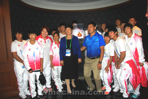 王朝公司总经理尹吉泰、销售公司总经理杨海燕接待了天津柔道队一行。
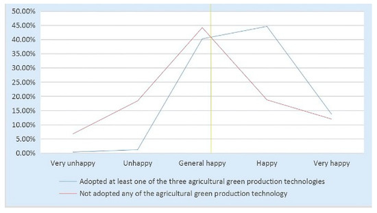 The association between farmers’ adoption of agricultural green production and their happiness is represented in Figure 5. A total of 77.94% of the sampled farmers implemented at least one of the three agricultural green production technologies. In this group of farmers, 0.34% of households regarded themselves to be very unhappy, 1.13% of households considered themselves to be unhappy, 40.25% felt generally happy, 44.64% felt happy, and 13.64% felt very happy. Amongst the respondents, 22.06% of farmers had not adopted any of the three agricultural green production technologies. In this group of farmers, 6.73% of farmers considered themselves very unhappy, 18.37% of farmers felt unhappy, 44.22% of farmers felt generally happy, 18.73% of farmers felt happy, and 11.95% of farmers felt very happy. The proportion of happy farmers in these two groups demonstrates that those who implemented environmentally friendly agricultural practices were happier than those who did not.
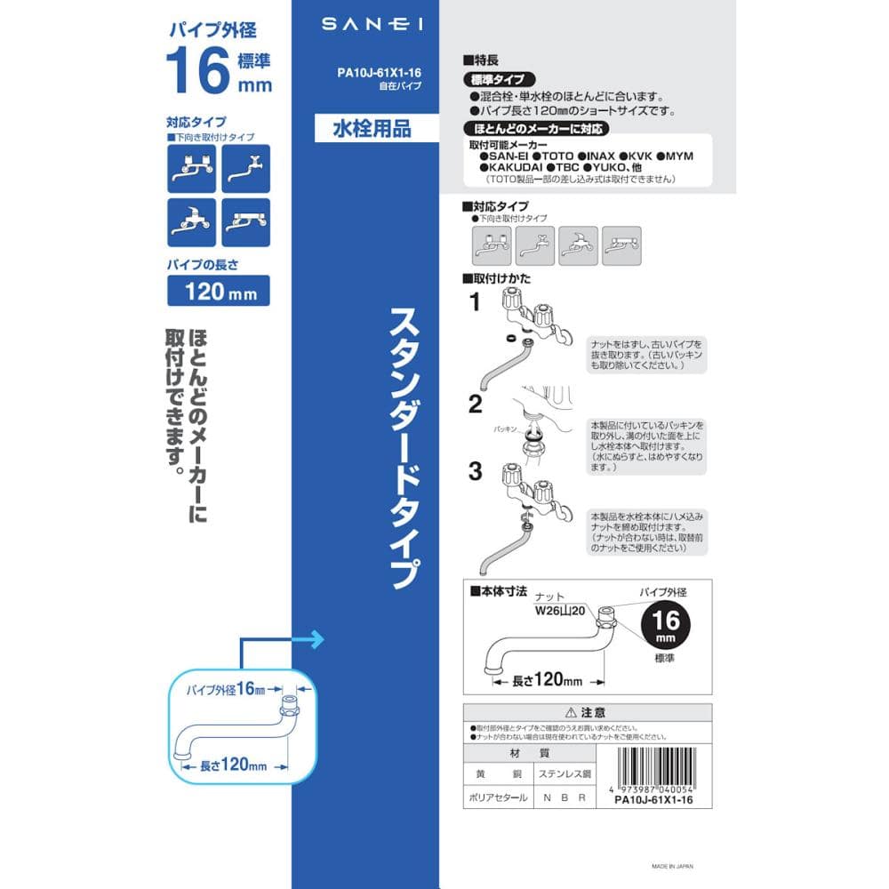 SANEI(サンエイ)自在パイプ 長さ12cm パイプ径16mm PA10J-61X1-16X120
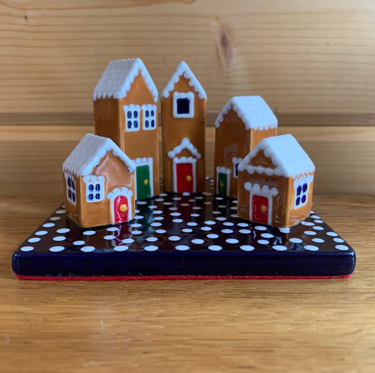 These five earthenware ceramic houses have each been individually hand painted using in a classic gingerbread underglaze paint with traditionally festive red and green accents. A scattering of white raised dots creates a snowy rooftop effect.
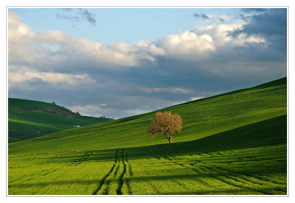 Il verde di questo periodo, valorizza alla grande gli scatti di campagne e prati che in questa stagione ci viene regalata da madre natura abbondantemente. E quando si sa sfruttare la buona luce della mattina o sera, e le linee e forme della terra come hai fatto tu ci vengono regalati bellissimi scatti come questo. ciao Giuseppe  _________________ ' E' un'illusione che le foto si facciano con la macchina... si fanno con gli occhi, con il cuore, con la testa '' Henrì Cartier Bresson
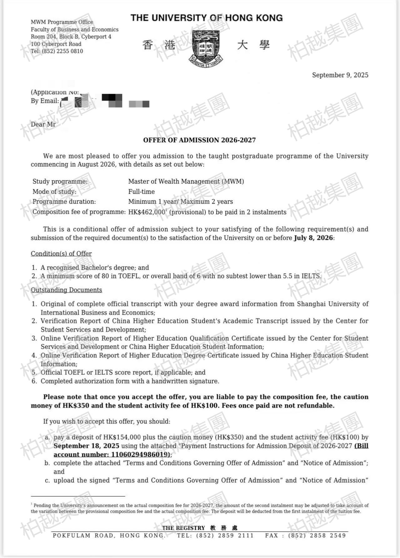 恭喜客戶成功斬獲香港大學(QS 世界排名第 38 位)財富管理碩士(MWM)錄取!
□ □ □ □ □
Only the pictures may be dropped; print every record exactly as given.

▶ **Answer to the exercise**:
 王朝公司总经理尹吉泰、销售公司总经理杨海燕接待了天津柔道队一行。
 The association between farmers’ adoption of agricultural green production and their happiness is represented in Figure 5. A total of 77.94% of the sampled farmers implemented at least one of the three agricultural green production technologies. In this group of farmers, 0.34% of households regarded themselves to be very unhappy, 1.13% of households considered themselves to be unhappy, 40.25% felt generally happy, 44.64% felt happy, and 13.64% felt very happy. Amongst the respondents, 22.06% of farmers had not adopted any of the three agricultural green production technologies. In this group of farmers, 6.73% of farmers considered themselves very unhappy, 18.37% of farmers felt unhappy, 44.22% of farmers felt generally happy, 18.73% of farmers felt happy, and 11.95% of farmers felt very happy. The proportion of happy farmers in these two groups demonstrates that those who implemented environmentally friendly agricultural practices were happier than those who did not.
 SANEI(サンエイ)自在パイプ 長さ12cm パイプ径16mm PA10J-61X1-16X120
 These five earthenware ceramic houses have each been individually hand painted using in a classic gingerbread underglaze paint with traditionally festive red and green accents. A scattering of white raised dots creates a snowy rooftop effect.
 Il verde di questo periodo, valorizza alla grande gli scatti di campagne e prati che in questa stagione ci viene regalata da madre natura abbondantemente. E quando si sa sfruttare la buona luce della mattina o sera, e le linee e forme della terra come hai fatto tu ci vengono regalati bellissimi scatti come questo. ciao Giuseppe  _________________ ' E' un'illusione che le foto si facciano con la macchina... si fanno con gli occhi, con il cuore, con la testa '' Henrì Cartier Bresson
 恭喜客戶成功斬獲香港大學(QS 世界排名第 38 位)財富管理碩士(MWM)錄取!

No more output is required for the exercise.